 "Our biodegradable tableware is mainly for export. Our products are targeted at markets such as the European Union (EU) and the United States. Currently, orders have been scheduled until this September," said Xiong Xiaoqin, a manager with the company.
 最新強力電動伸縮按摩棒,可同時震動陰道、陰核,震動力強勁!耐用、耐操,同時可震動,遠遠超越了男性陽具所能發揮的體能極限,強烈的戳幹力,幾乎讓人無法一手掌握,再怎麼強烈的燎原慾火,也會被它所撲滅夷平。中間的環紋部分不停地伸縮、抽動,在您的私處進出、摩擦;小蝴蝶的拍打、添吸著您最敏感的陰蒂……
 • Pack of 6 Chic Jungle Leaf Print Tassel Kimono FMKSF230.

+ + + + + + +

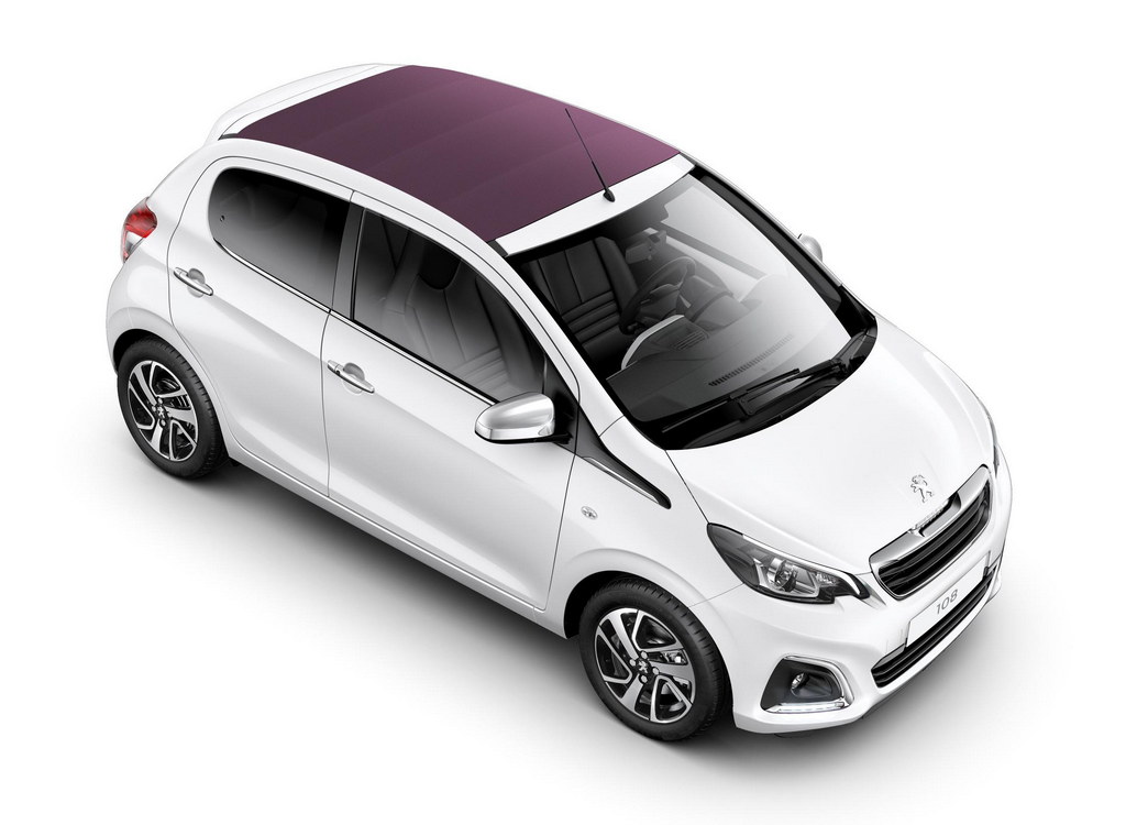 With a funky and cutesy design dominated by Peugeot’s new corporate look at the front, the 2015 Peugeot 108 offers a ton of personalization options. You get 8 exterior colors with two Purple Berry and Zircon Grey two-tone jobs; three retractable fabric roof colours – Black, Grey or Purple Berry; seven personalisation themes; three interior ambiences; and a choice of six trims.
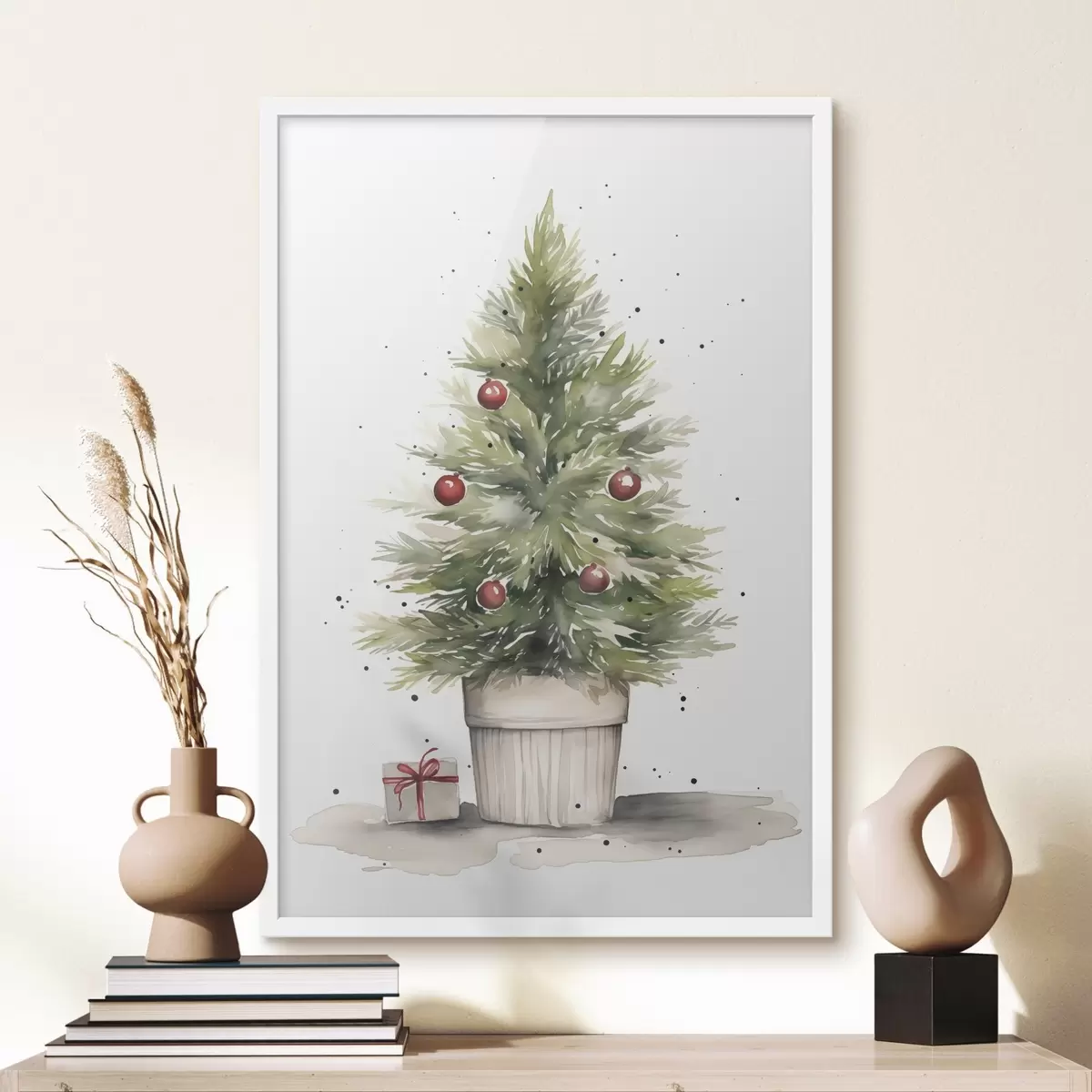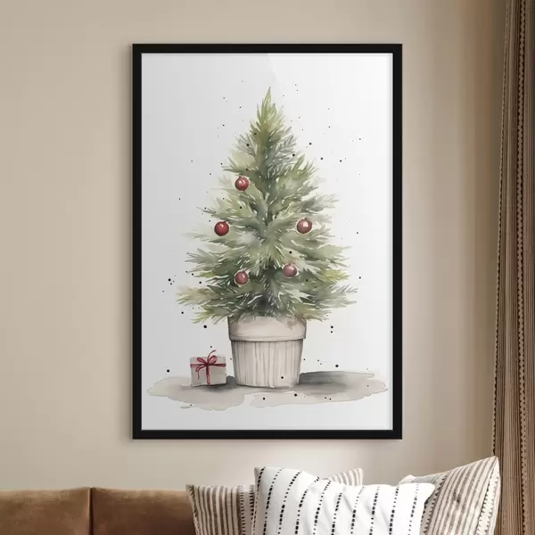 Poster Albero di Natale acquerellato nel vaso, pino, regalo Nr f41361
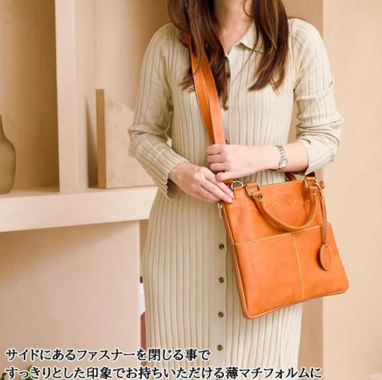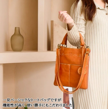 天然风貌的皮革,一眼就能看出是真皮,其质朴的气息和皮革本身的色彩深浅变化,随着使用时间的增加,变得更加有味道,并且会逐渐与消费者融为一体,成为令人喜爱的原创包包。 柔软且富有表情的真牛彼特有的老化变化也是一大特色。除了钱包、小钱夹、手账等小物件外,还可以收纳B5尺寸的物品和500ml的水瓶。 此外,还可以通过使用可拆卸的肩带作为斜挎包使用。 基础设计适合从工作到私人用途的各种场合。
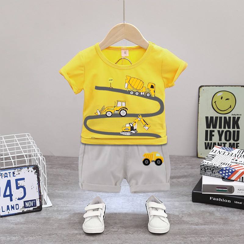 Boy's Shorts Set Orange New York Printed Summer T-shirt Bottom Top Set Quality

+ + + + + + +

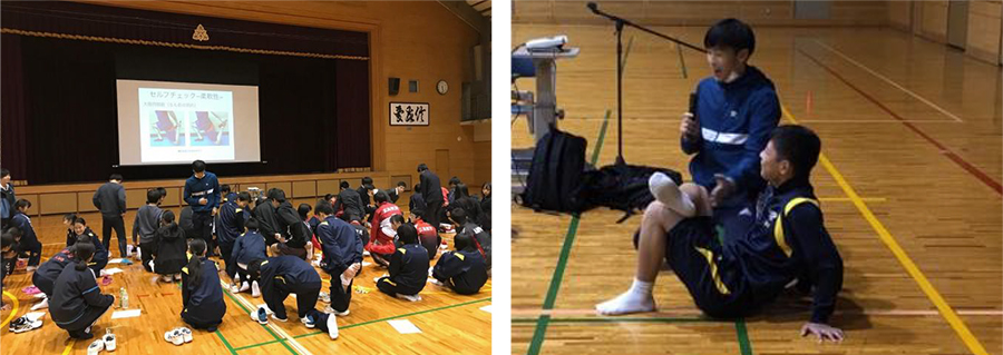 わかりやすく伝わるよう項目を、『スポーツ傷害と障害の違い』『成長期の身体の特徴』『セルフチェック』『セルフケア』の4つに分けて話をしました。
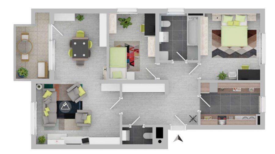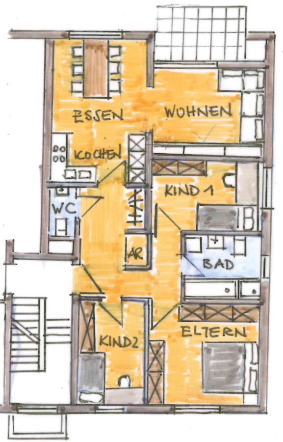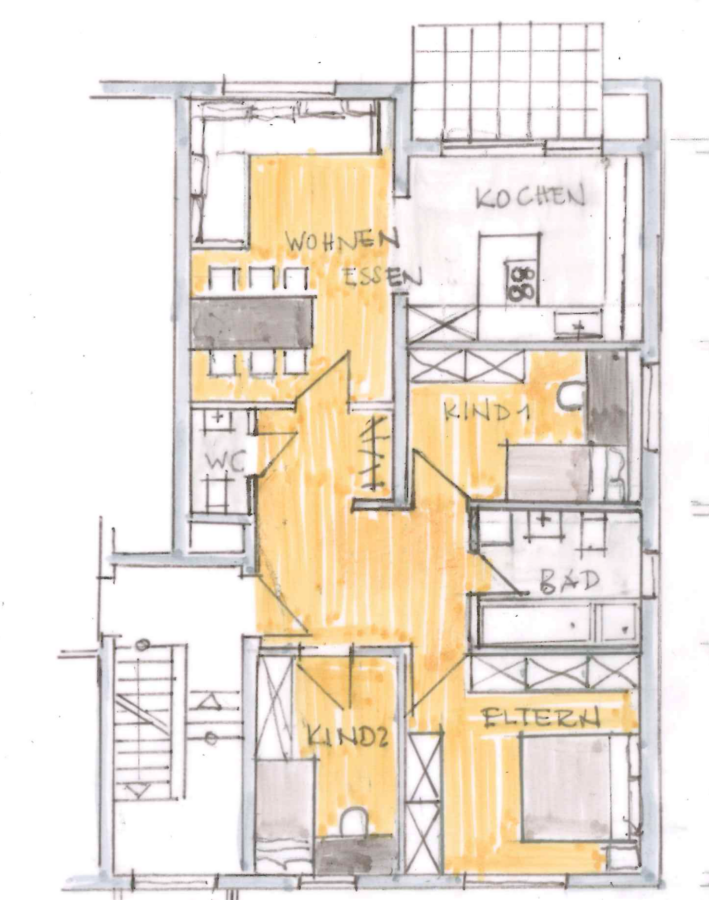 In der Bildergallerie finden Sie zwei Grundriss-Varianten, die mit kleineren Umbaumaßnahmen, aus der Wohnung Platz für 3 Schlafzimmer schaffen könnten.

+ + + + + + +

=== Exercise description ===
Within the listing above, give again exactly every line from the line with "最新強力電動伸縮按摩棒,可同" through the line with "Tassel Kimono FMKSF230.", both included, and no other line.

=== Task answer ===
 最新強力電動伸縮按摩棒,可同時震動陰道、陰核,震動力強勁!耐用、耐操,同時可震動,遠遠超越了男性陽具所能發揮的體能極限,強烈的戳幹力,幾乎讓人無法一手掌握,再怎麼強烈的燎原慾火,也會被它所撲滅夷平。中間的環紋部分不停地伸縮、抽動,在您的私處進出、摩擦;小蝴蝶的拍打、添吸著您最敏感的陰蒂……
 • Pack of 6 Chic Jungle Leaf Print Tassel Kimono FMKSF230.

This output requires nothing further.